In: Statistics and Probability
Compare the TF-IDF pivoted normalization formula and Okapi BM25 formula analytically. Both formulas are given in Table 1 of Singhal's review paper.(Note that there is an error in the Okapi formula.). What are the common statistical information about documents and queries that they both use? How are the two formulas similar to each other, and how are they different?
TF-IDF weighting and document length normalization are quite easy to understand intuitively. However, how to implement them exactly in a formula is quite challenging and is still an open question. Empirically, people have found that some kind of sublinear transformation of the term frequency in a document is needed and incorporating document length normalization through the form "(1-s + s*doclength/avgdoclen)" (i.e., pivoted length normalization) is effective. This kind of normalization was justified in the a paper by Amit Singhal and others. Click here to read this paper. While BM25/Okapi and pivoted normalization are among the most effective ways to implement TF-IDF, it remains the single most challenging research question in information retrieval what is the optimal way of implementing TF-IDF. Read Fang et al. 04 for a recent discussion of this issue in the axiomatic retrieval framework.
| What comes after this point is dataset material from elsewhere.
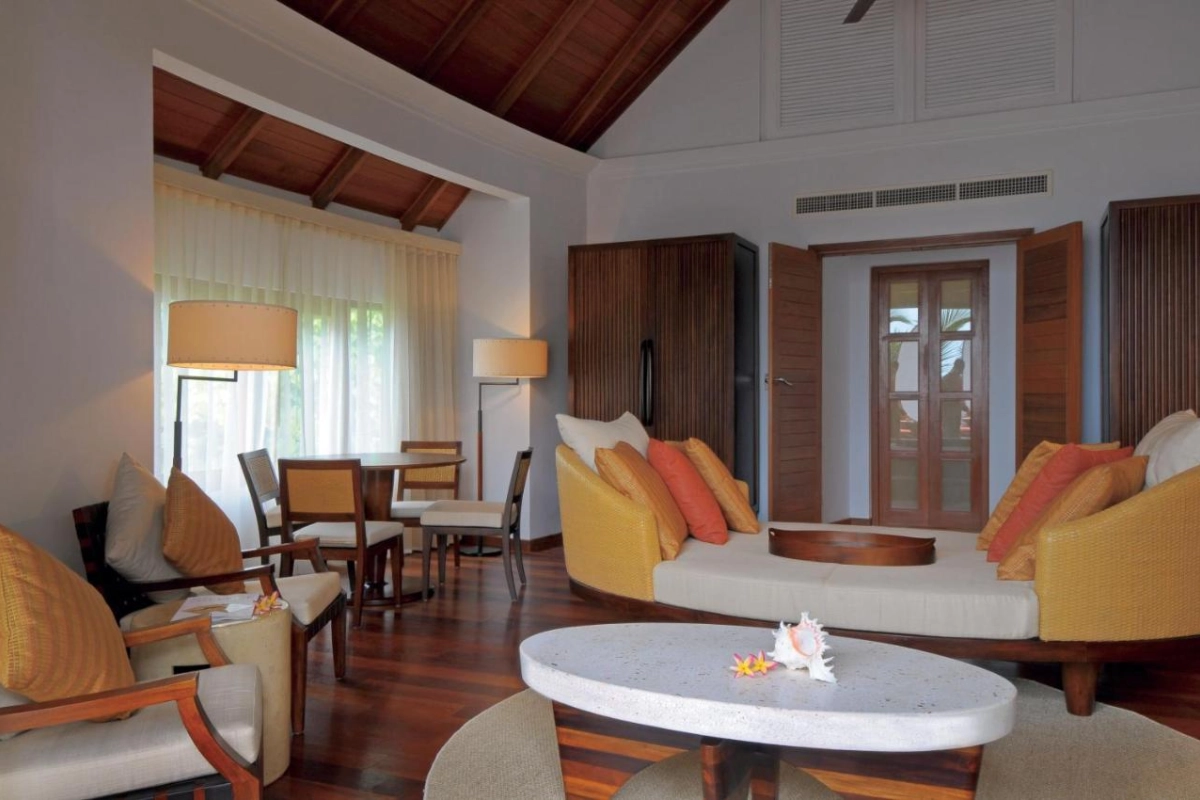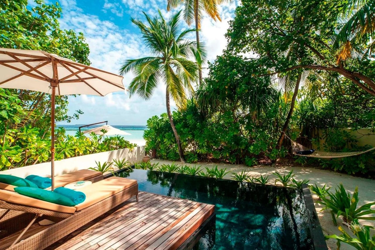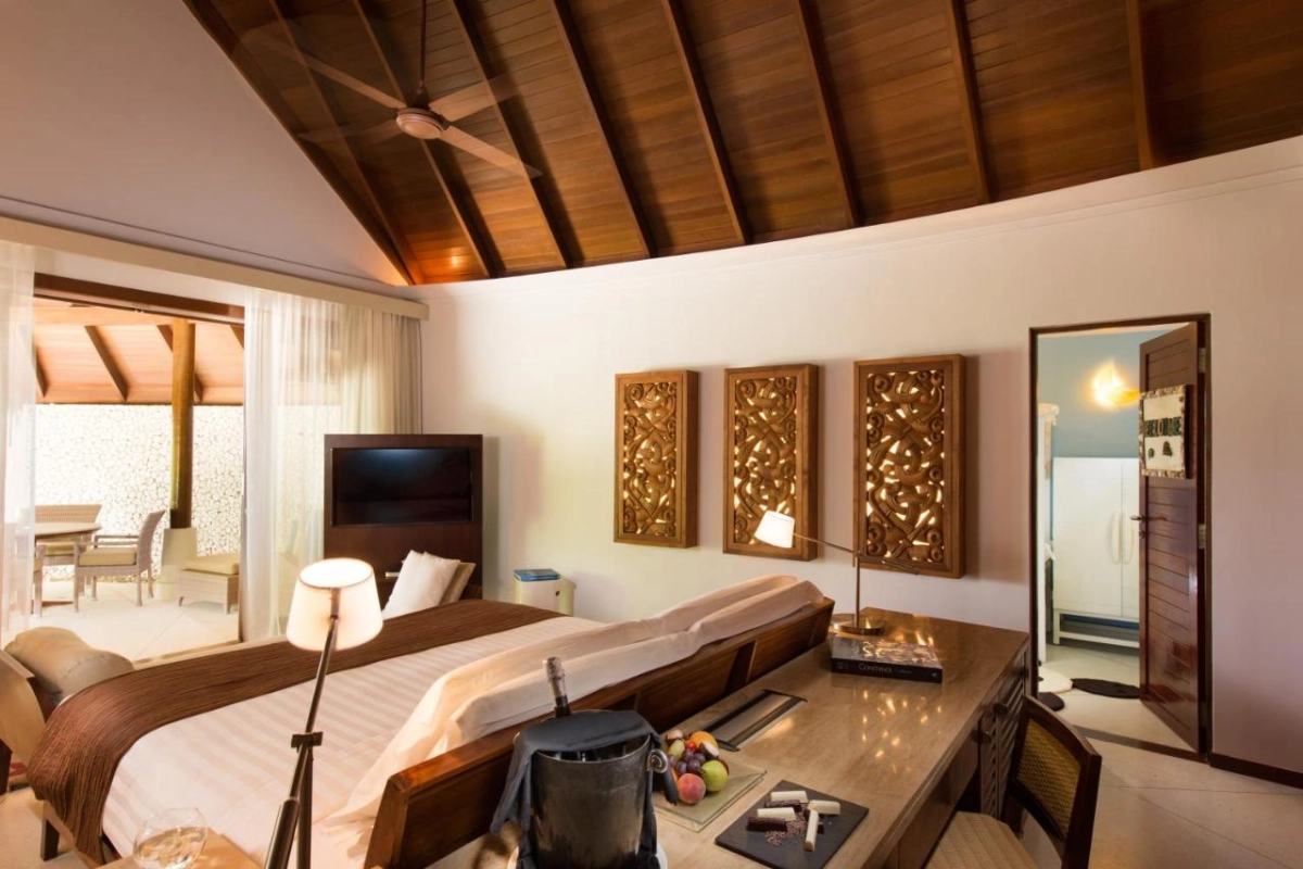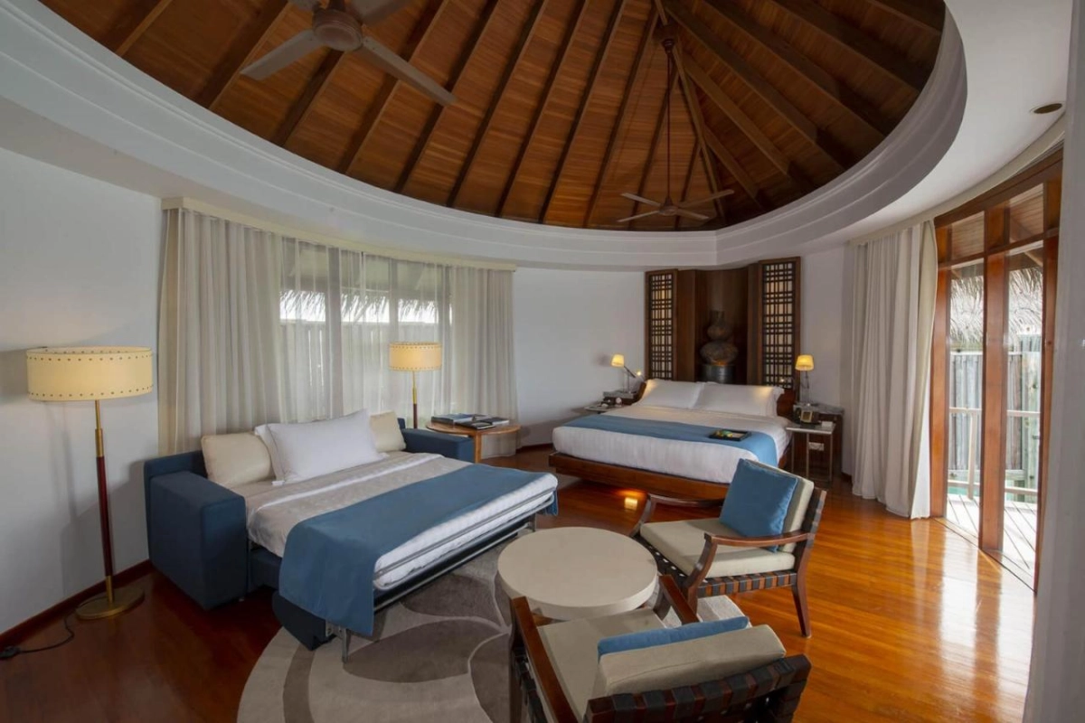 Each open-concept villa features hardwood flooring, well-crafted furnishings, and private plunge pools, with views of lush greenery or the turquoise lagoon. Equipped with flat-screen TVs, minibars, and spacious bathrooms with premium toiletries, the villas offer private terraces or sundecks for seamless beach or water access, creating a refined sanctuary of tranquility and luxury.

An essential component of any retrieval model is the feedback mechanism. That is, when the user is willing to judge documents and label some as relevant others as non-relevant, the system should be able to learn from such examples to improve search accuracy. This is called relevance feedback. User studies have shown, however, a user is often unwilling to make such judgments, raising concerns about the practical value of relevance feedback. Pseudo feedback (also called blind/automatic feedback) simply assumes some top-ranked documents to be relevant, thus doesn't require a user to label documents. Pseudo feedback has also been shown to be effective on average, though it may hurt performance for some queries. Intuitively, pseudo feedback approach relies on term co-occurrences in the top-ranked documents to mine for related terms to the query terms. These new terms can be used to expand a query and increase recall. Pseudo feedback may also improve precision through supplementing the original query terms with new related terms and assigning more accurate weights to query terms.